CircRNAs bind and sequester proteins

Several pieces of evidence have shown that circRNAs bind specific proteins to arrest their functions. In some cases, circRNAs can act as “protein sponge” to regulate gene expression at both transcriptional and translational level. For example, circACTN4 binds to far upstream element binding protein 1 (FUBP1) and thus preventing FBP interacting repressor (FIR) from interacting with FUBP1 to lower MYC transcription, resulting in tumorigenesis and metastasis of breast cancer [28]. Likewise, circPABPN1 can integrate with HuR and restrain the function of HuR. HuR serves as a regulator in gene expression and can equally mediate the translation of PABPN1 mRNA [29]. In addition, some circRNAs can combine with proteins to block their transmembrane process. A good example is that circ-Foxo3 binds to the cell cycle proteins CDK2 and cyclin-dependent kinase inhibitor 1 (CDKN1A, also known as p21WAF1/CIP1) to form a ternary complex, thus extinguishing the effect of CDK2 and blocking cell cycle progression [30]. Similarly, Du et al. verified the mechanism of circLPAR3 in inhibiting cellular senescence, which was enabling by interacting with anti-senescence proteins ID1 and E2F1, anti-stress proteins FAK and HIF1α to lead to their retain in the cytoplasm and arrest their functions of anti-senescence [31].

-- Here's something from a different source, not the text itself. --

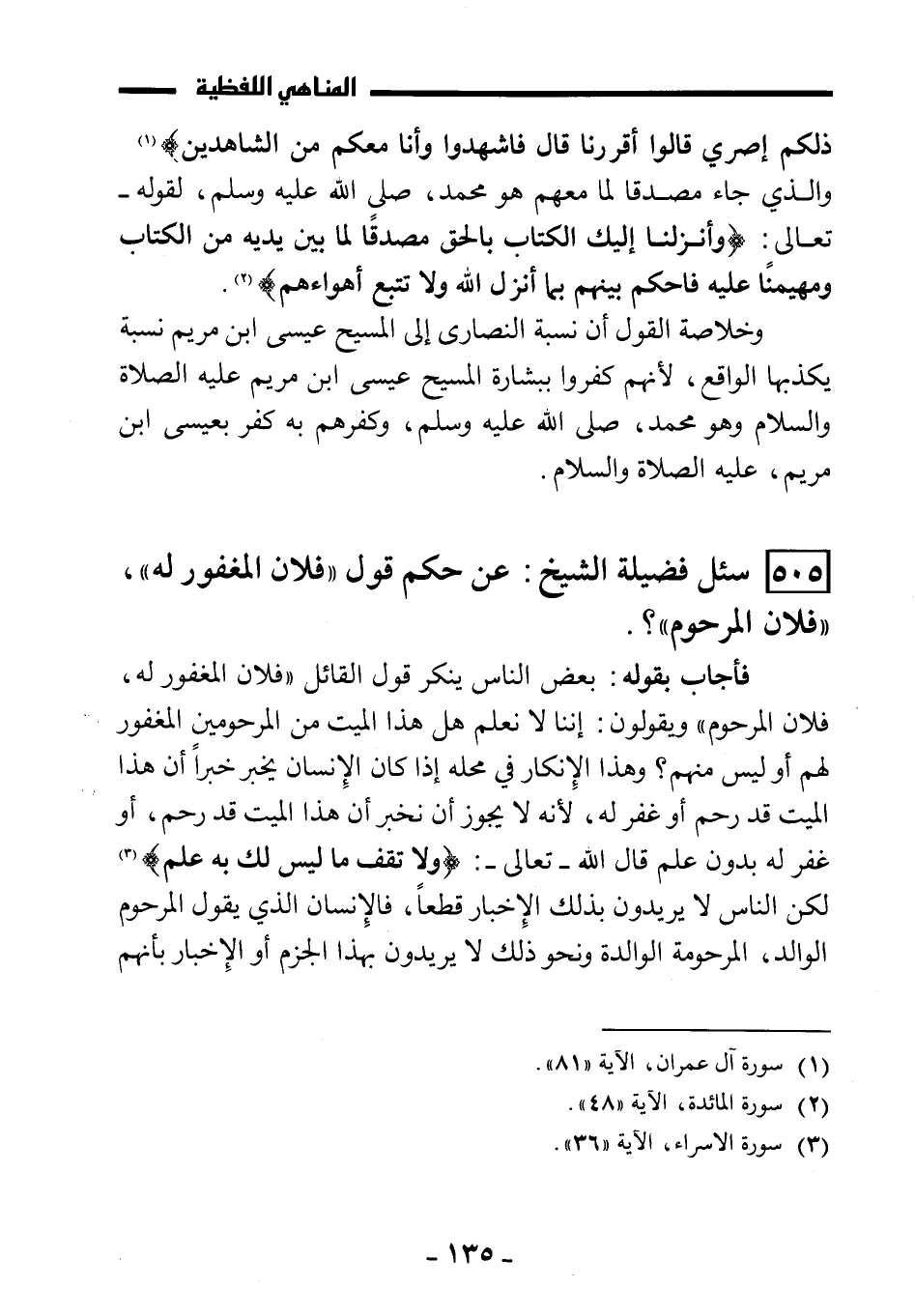 فأجاب بقوله: بعض الناس ينكر قول القائل: "فلان المغفور له، فلان المرحوم" ويقولون: إننا لا نعلم هل هذا الميت من المرحومين المغفور لهم أو ليس منهم؟ وهذا الإنكار في محله إذا كان الإنسان يخبر خبراً أن هذا الميت قد رحم أو غفر له، لأنه لا يجوز أن نخبر أن هذا الميت قد رحم، أو غفر له بدون علم قال الله تعالى: {ولا تقف ما ليس لك به علم} لكن الناس لا يريدون بذلك الإخبار قطعاً، فالإنسان الذي يقول: المرحوم الوالد، المرحومة الوالدة ونحو ذلك لا يريد بهذا الجزم أو الإخبار بأنهم

Public database for circRNAs research

Recently, the research on circRNAs becomes an emerging hot spot, surging online databases have been developed to meet the increasing requirements of information on circRNAs. Here, we reviewed the circRNAs online database and their usage to provide suggestions for future research (Table 1). CircBase provides comprehensive circRNAs information, including genomic position, length, the circular junction site, and so forth [32]. Circ2Traits [33] and circRNA disease [34] store a large number of disease-associated circRNAs and their annotation. The circRNA-miRNA-mRNA interaction network could be predicted in CircInteractome [35] and CircNet [36]. Besides, CircInteractome [35] can be used for divergent primers and siRNA design as well as RBP prediction. The information about the transcriptional regulation of circRNAs can be obtained from TRCirc [37]. ExoRBase [38] is a database of exosome-derived ncRNAs in human blood. Circbank [39] proposed a standardized nomenclature for circRNAs facilitated circRNAs information acquisition. Overall, these databases provide applicable bioinformatics tools for circRNAs research in the tissue development and human diseases.

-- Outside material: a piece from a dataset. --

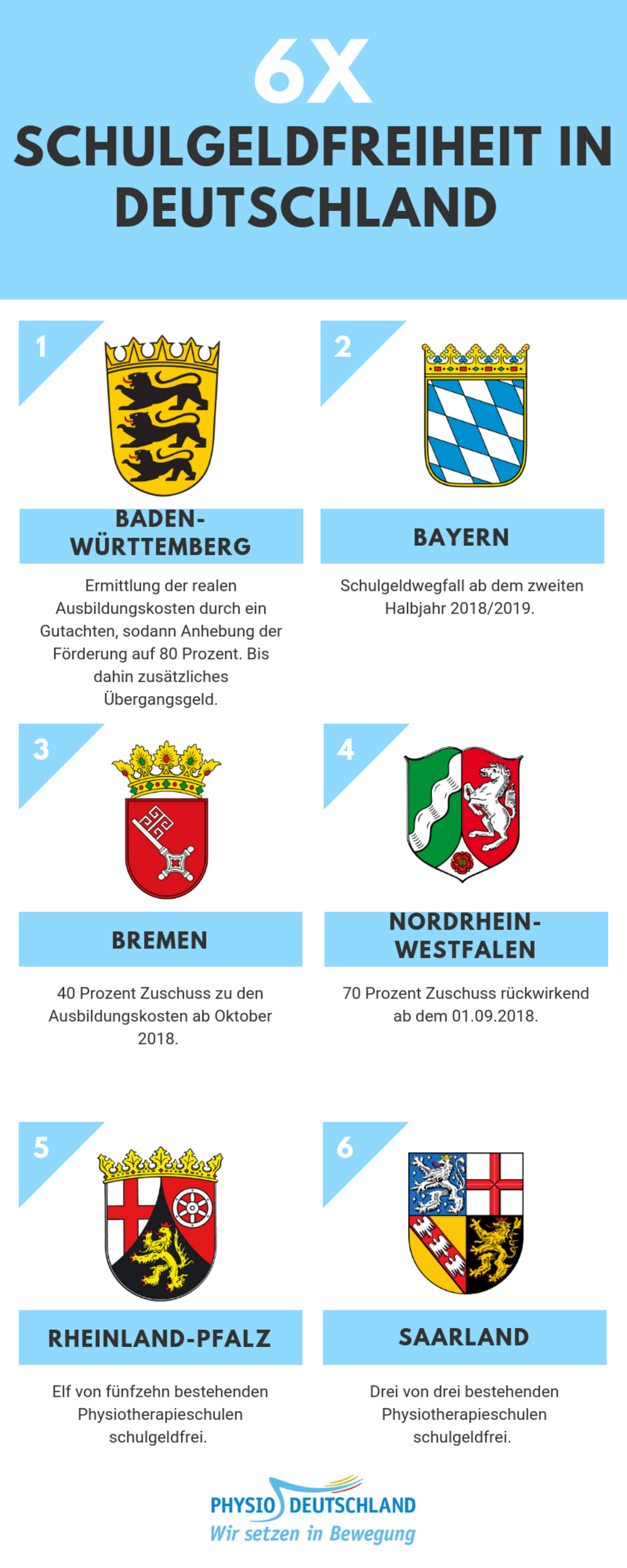 In sechs Bundesländern zeigen sich nun erste Erfolge. Dort wurde das Schulgeld entweder ersatzlos gestrichen, oder es existieren Zuschüsse im Rahmen von Förderprogrammen. Doch noch ist viel zu tun! Weitere Bundesländer müssen dem Beispiel folgen und angehende Physiotherapeuten konsequent unterstützen. PHYSIO-DEUTSCHLAND setzt sich deshalb auch zukünftig für eine kostenfreie Ausbildung in ganz Deutschland ein.

Table 1 Databases for circRNAs research

CircRNAs in ESCC

There are multiply aberrant circRNAs in the oncogenesis and progression of ESCC, a significant percentage of which have been demonstrated to involve in various malignant biological phenotypes, such as cell proliferation, death, metastasis, drug resistance (Fig. 3). Below we summarize the most recent studies on aberrantly expressed circRNAs in ESCC, as well as their function, related mechanism underlying ESCC progression, and potential roles in tumor diagnosis and treatment (Table 2).

Fig. 3
figure 3

Summary of the function of circRNAs in ESCC. CircRNAs can participate in the origin and development of ESCC, including cell proliferation, cell death, migration and therapy resistance

Dysregulated expression of circRNA in ESCC

Emerging studies have reported the dysregulated expression of circRNAs between ESCC tissues and para-carcinoma tissues, suggesting circRNAs were the initiators in ESCC. This was largely accomplished by the development of high-throughput screening technology. CircRNA microarray analysis and RNA-seq are primarily used in circRNAs high-throughput screening. Unlike linear RNAs, the structural uniqueness and low content of circRNAs put forward new challenges. Circular junction sequence analysis is widely used in circRNAs identification. CircRNA microarray analysis just uses the principle of the specific integration of circRNA junction probe and circRNA junction sites to accurately detect the expression of circRNAs in tissue or plasma samples. However, circular junction reads obtained by RNA-seq are less than 0.1%, making the content of effectively detected circRNA very low. Li et al. [47] revealed that circRNA microarray assay brings higher efficiency and sensitivity than RNA-seq for circRNA profiling. Unfortunately, microarray assays can only detect known circRNAs.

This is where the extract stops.